Just like a perfect storm, the Tunisian beach attack was perfect terrorism.
The essence of terrorism is that it is war-conducted, not against an enemy but against innocent by-standers whose destruction robs everybody of a sense of safety, of security, of living in a world that can be relied on to be reasonably predictable.
The world has tried to make order out of chaos - chaos being the method and objective of terrorism - by a focus on historic locations.
If 9/11 attracted international attention and fear by the use of passenger planes as weapons, the logical response was to beef up security at airports. The end result has been to change, for ever, the experience of air travel.
The law-abiding air traveller has been relentlessly re-trained. Everything liquid into tiny bottles. Boots off. Belt off. Computer into the plastic tray. And the traveller, walking through X-ray and other scanners, developed the reflex: they're ready to stand, arms out, crucifix-style, to be frisked if they fail the electronic examination.
We are like the drunk looking for his dropped car keys under a lamp-post because the light is better there, even though the keys fell somewhere else. Once our attention, our money and our systems are concentrated on airports, terrorists move to another location.
The location in last Friday's case was a beach, because holidaymakers on a beach have their guard down. They are unprotected. They are so sun-sodden and slowed by the sound of the waves in the distance that a killer toting a machine gun and caring nothing about his victims' ages, gender or country of origin can march unchallenged towards his death-dealing task.
Transforming a picture of contentment into a bloody screaming horror can be achieved by one armed man. Those who can, run, calling out warnings, barricading themselves in hotel bathrooms. But at the same time they engage in collusion with the terrorist.

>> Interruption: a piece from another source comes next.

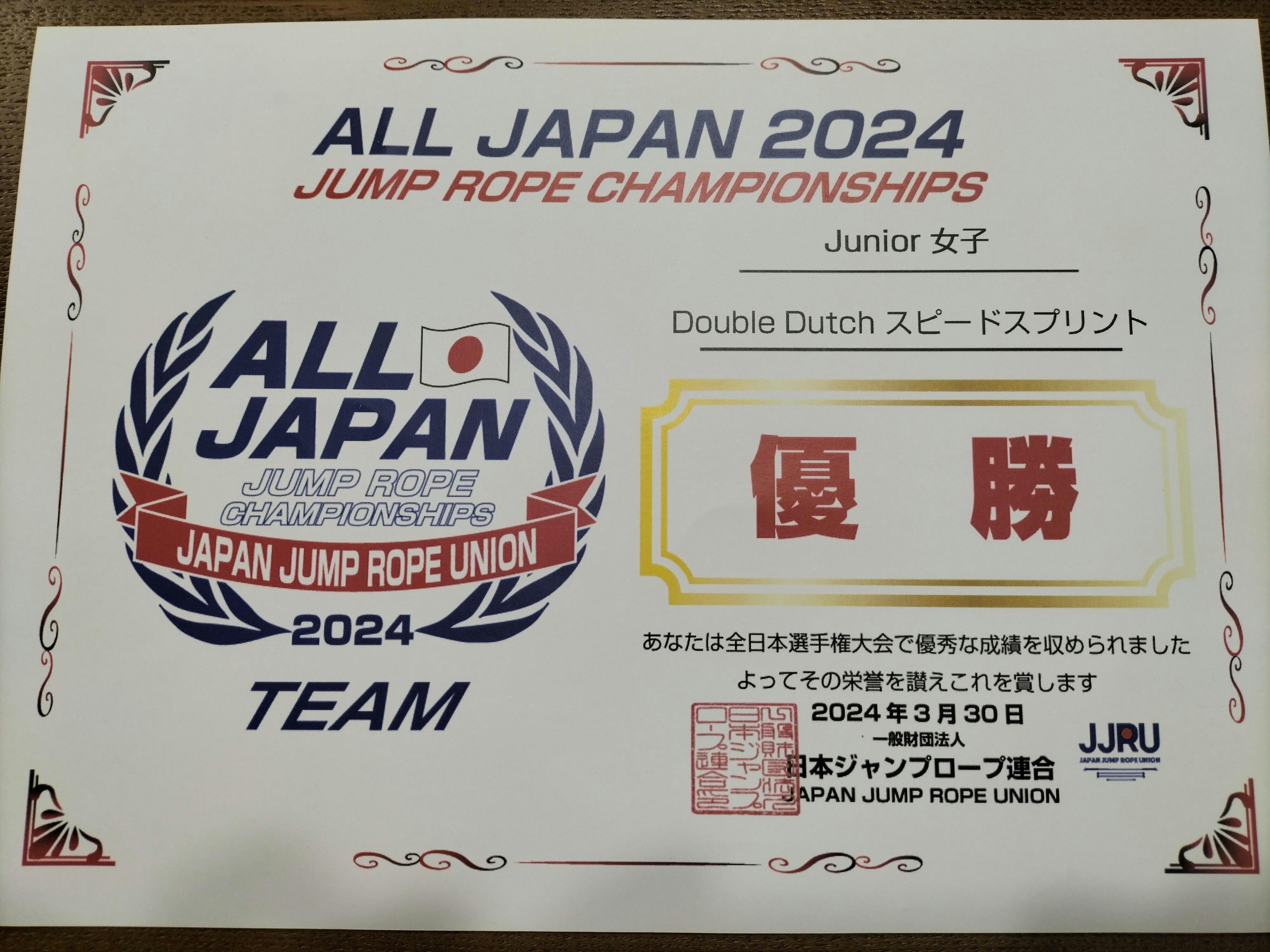 2024年 全国長縄選手権 優勝

Fifteen years ago, it took time and mainstream media to alert other countries and other people to an attack. Now witnesses use their phones to capture pictures of the killer and beam them around the world, putting him centre-stage, quickly followed by the photos of towels pulled up over the faces of the death.
Social media transmits precisely what the terrorist wants transmitted, creating precisely the effect sought. Unmediated, unedited in its horror, the message is clear: nobody is safe. Dead or alive, people who hate what has happened become the tools of its wider promulgation.
In addition to the pictures come the verbal details telling of a decapitated employer whose head is displayed in a public place with messages written on the forehead in indelible marker.
In medieval times, the heads of those executed were placed on poles, as a lesson, where everybody could see them for months. That has now been updated with text and the capacity to share worldwide.
Terrorism seeks to use the fear engendered by spectacular attacks to shape policy. Within hours, we in Ireland know when one of our own - or more than one - has been mown down. We are speedily inundated with information about which we can do nothing, which, in itself, is part of the perfection of the crime.
We are developing a learned helplessness, a shrugging impotence born of the knowledge that if someone decides to pump bullets into holidaymakers at a beach, none of the normal responses or methods of prevention apply. The pictures repeat themselves from dozens of sources like a fairground hall of horror mirrors, and we blink at the blood on the sand.
Thereafter, we do what humans do when faced with repeated meaningless cruelty - we disengage.
We develop an extra self-protective skin. We talk and talk and talk - and then we forget.
It's all we can do - and that's why the Tunisian attack was perfect terrorism.